In April this year, Baidu Library and Baidu Cloud Storage launched the content operating system "Cangzhou OS," which Robin Li called "the world's first operating system in the content domain," launching "GenFlow 1.0" based on this system.
"Cangzhou OS is an extremely complex production line with numerous tools. But how it initiates work after users issue commands, which tools work together to meet your needs—that's handled by GenFlow's scheduling system," Wang Ying explained.
Wang Ying likens their collaborative logic to "Transformers stacking"—users only need to communicate with the unified interface "Optimus Prime"—GenFlow 2.0—while hundreds of professional "Transformers" collaborate and transform behind the scenes.
When AI Agents can solve problems end-to-end, their industry value shifts from singular "functional points" to direct "delivery results." Simultaneously, AI Agents evolve from individual tools to reconstructors of production relationships.

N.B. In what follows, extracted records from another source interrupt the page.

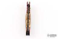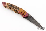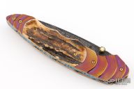 This knife by KJ Custom Knives (Suchat Jangtanong's Son) features a Damascus blade with fileworked spine and single brass thumbstud with gold lip pearl inlay. The handle has carved and anodized titanium bolsters, stag scales, gold plated screws, anodized and fileworked titanium liners and backspacer. Nice detent, lockup and blade seating. Excellent condition.
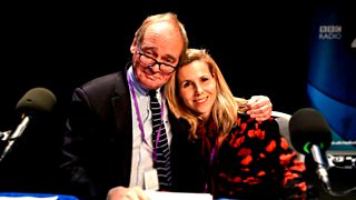 John Lloyd and Sally Phillips with Rory Bremner, Nikki Bedi and Pete Brown.
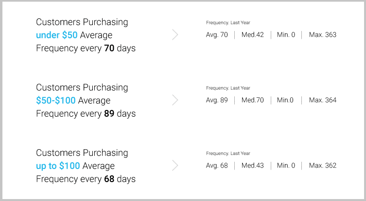 According to this data, it’s clear that those customers who only make purchases of less than $50 should be incentivized to increase their purchase amount. Those customers with purchases of only $50-$100 should actually – and counter-intuitively – be encouraged to make purchases of $50 or less, thus encouraging them to follow the purchasing behavior of customers with similar behavioral patterns. The expected result will be an increase in purchasing frequency, and thus an increase in future value.
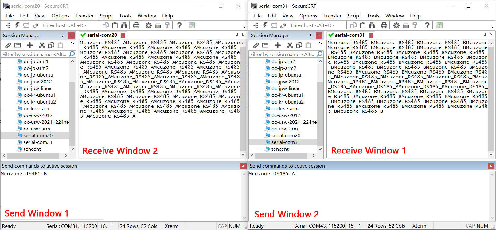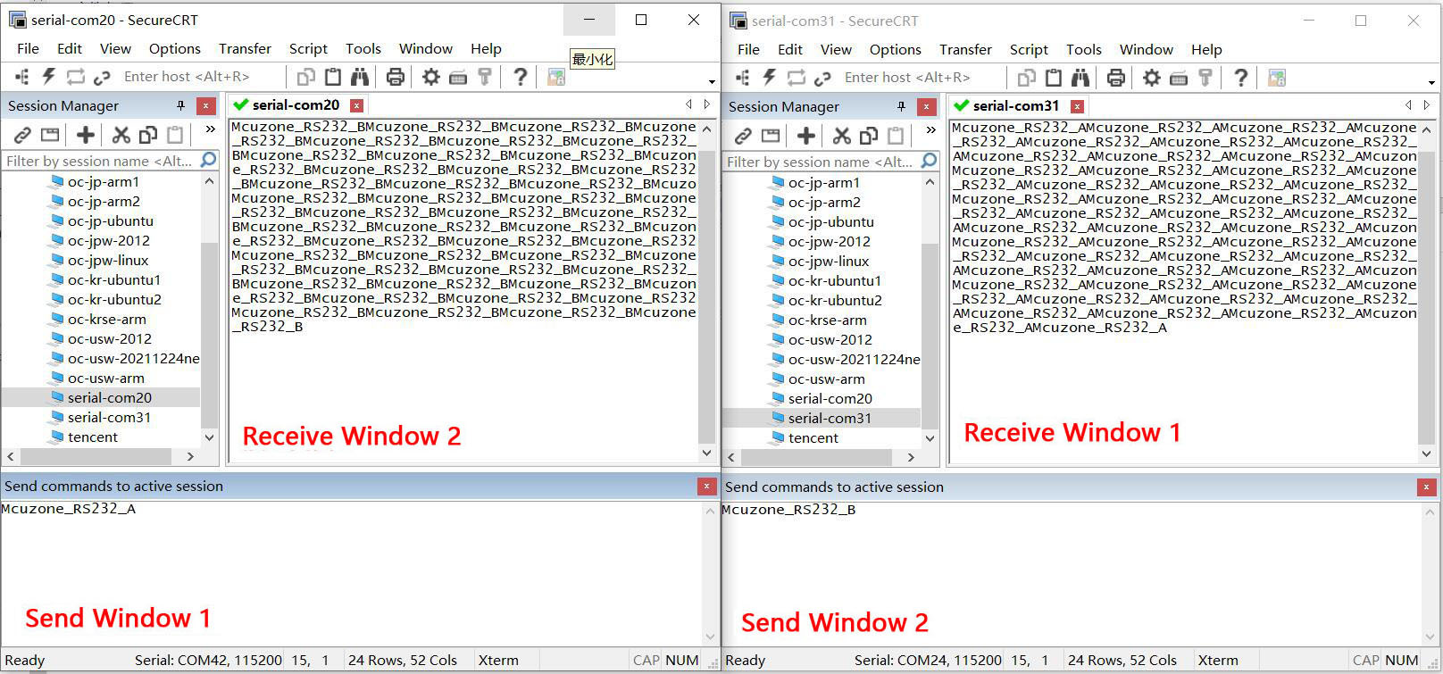 Connect RS232_A and RS232_B to a PC via USB-to-RS232 modules respectively:
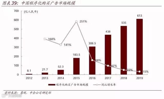 程序化购买广告是一种基于 AI 自动化技术和大数据,将广告主的具体广告请求对具体的 广告位(而不是单一媒体)进行智能投放的互联网广告交易模式。其中,大数据是程序 化购买的基础,AI 自动化技术是实现高效的手段。程序化购买广告市场在过去两年获得 井喷式发展,到 2016 年已达到 308.5 亿元,这其中还不包括头部流量平台的自有程序化 交易体系(这部分收入已经包含在平台广告收入当中)。

In April 2025, Baidu announced full compatibility with MCP protocol (Model Context Protocol). MCP is an open standard introduced by Anthropic to unify communication between large language models and external data sources and tools. MCP establishes "common language" and "communication rules" for all agents, also called the TCP/IP protocol, HTTP standard, and universal interface for AI Agent interaction.
GenFlow 2.0 also supports MCP protocol, enabling flexible integration with third-party service ecosystems. Currently, Honor has become the first hardware manufacturer to integrate with the MCP ecosystem, deeply integrating GenFlow 2.0 into Magic OS systems. Users can access personal cloud storage and library resources through Honor phone assistant YOYO with one click, achieving native system-level experiences for file summarization, PPT generation, travel planning, and other scenarios.
In Baidu Library and Cloud Storage teams' vision, future AI should be "omnipotent and omnipresent." Whether on phones, tablets, IoT devices, or broader life scenarios, users can call upon AI Agent collaboration anytime.
More critically, as AI Agents continue expanding across ecosystems and scenarios, ordinary people's creative barriers will decrease from professional commands to natural daily conversation, opening more commercial growth opportunities.
As Robin Li stated at the 2025 Baidu Create conference: "Now, developing intelligent agents based on MCP is like developing mobile apps in 2010."
Reports from EO Intelligence show the AI Agent market continues expanding, projected to grow from 57.4 billion yuan in 2023 to 3.3009 trillion yuan in 2028.
The era where "everyone is a super individual" may be accelerating with GenFlow 2.0.
"When users discover freer expression, intervening processes, and more reliable delivery, AI truly becomes a trustworthy collaborative partner," Wang Ying describes the ultimate coexistence between humans and AI.